Very nice work, judging from your description!

This is not a trivial accomplishment.

I assume you are lexing/parsing the source code just once, so this is a compiler that produces (byte) codes. Your virtual machine executes them in a loop with a switch statement. This approach is in principle similar to the JVM. Just to compare, I wrote a small C compiler that produces JVM class files from "mini C" source code.
(01-01-2021 11:20 AM)grsbanks Wrote: [ -> ]You can't do "n--" if n is a floating point number.

"n--" compiles without errors for n of type double on the compilers I tried (and gives n-1.0), so I assume it's supported by the standard they are using. However it's not good programming style, as "n--" could be mistaken for the predecessor of the floating-point number, which in general is not equal to n-1.0, so your suggestion is better.

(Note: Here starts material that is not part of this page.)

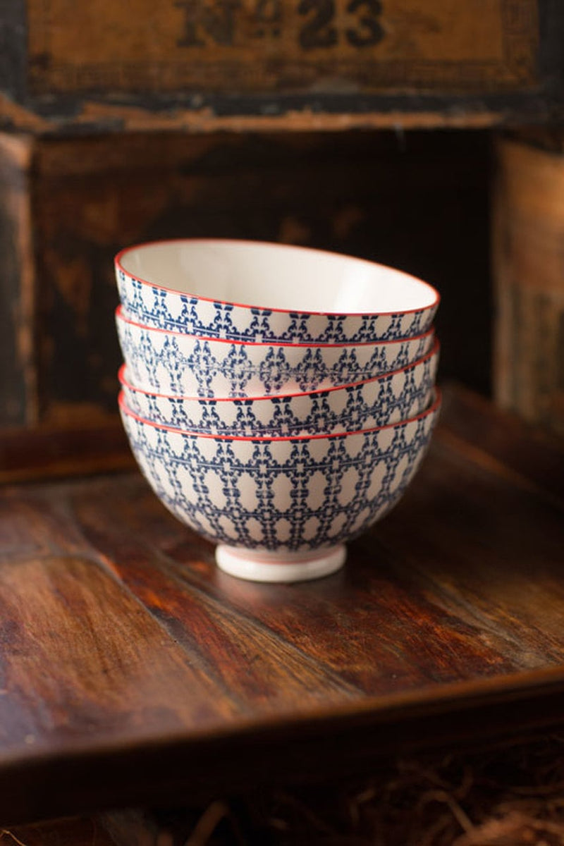 Diamond Pattern Ceramic Bowl Set of 4 by Vagabond Vintage

(01-05-2021 03:50 AM)robve Wrote: [ -> ]I wrote a small C compiler that produces JVM class files from "mini C" source code.

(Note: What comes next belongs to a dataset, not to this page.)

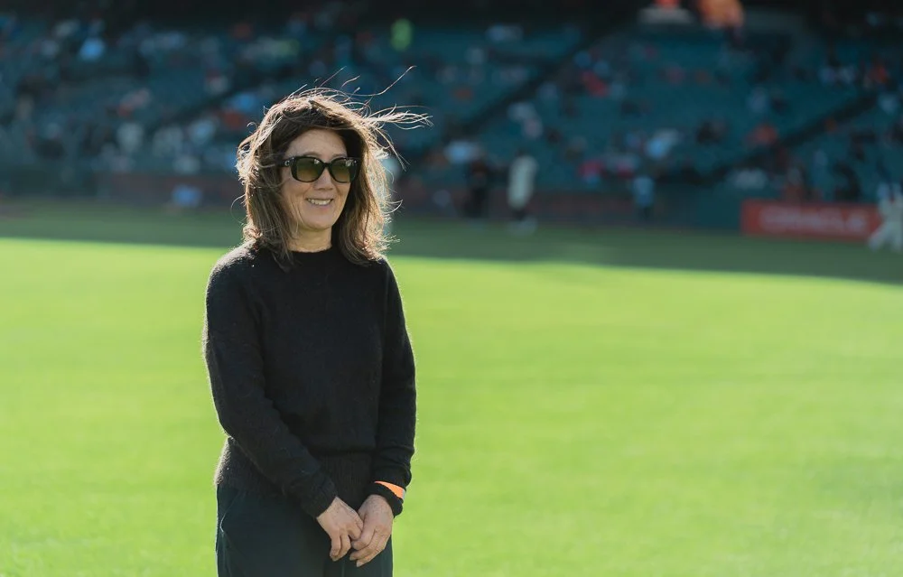 Woman wearing sunglasses standing on a sports field with spectators in the background.

Great work! I also like the manual, comprehensive and very professional.

I wrote the code before I read anything about compilers. The front end consists of (what I now know is called) a lexical analyser and the parser is just Dijkstra's shunting yard algorithm.

I'm now wondering whether I should:

a) Continue with my ad hoc approach. This is the easiest option but there is no syntax or semantic checking, so it will never be a complete programming environment.

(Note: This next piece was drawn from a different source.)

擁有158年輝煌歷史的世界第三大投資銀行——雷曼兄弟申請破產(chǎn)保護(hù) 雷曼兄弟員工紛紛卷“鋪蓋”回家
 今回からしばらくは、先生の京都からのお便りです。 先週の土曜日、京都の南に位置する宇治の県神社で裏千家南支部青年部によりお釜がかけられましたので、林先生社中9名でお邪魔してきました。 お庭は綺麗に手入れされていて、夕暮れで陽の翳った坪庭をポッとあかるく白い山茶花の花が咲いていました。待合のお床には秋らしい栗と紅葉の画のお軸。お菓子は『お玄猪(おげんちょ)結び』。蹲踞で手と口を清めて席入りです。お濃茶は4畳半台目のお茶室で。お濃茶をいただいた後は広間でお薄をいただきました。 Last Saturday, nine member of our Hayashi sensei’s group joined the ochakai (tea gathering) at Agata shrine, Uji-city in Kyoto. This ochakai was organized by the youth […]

b) Learn about grammars, abstract syntax trees and top-down parsing and write the parser by hand. This sounds very difficult.

c) Find an open source compiler and try to port it across.

My preference is for option b), despite the difficulties. In that case I think I should choose a programming language with a simpler grammar than C as the source language.
Option b, definitely. You wrote a compiler without knowing anything about compilers-- imagine what you'll accomplish once you know what you're doing! Wink
(01-06-2021 06:34 AM)mpark Wrote: [ -> ]Option b, definitely. You wrote a compiler without knowing anything about compilers-- imagine what you'll accomplish once you know what you're doing! Wink

I too would recommend b. Tools like flex and bison can help tremendously. It's been a while since I used them last time but IIRC you get by with just cursory knowledge of the grammars theory.

Definitely option b). By contrast, it will quickly become much more complicated to complete option a) when the language gets more complex.

Option b) is not as difficult to comprehend as you may think.

You could implement this with a hand-written lexical analyzer and write a recursive descent parser to do the translation. Or use flex and bison. The first chapters of the https://en.wikipedia.org/wiki/Compilers:..._and_Tools aka the "(Red) Dragon Book" shows how. Here are some lecture notes to get started.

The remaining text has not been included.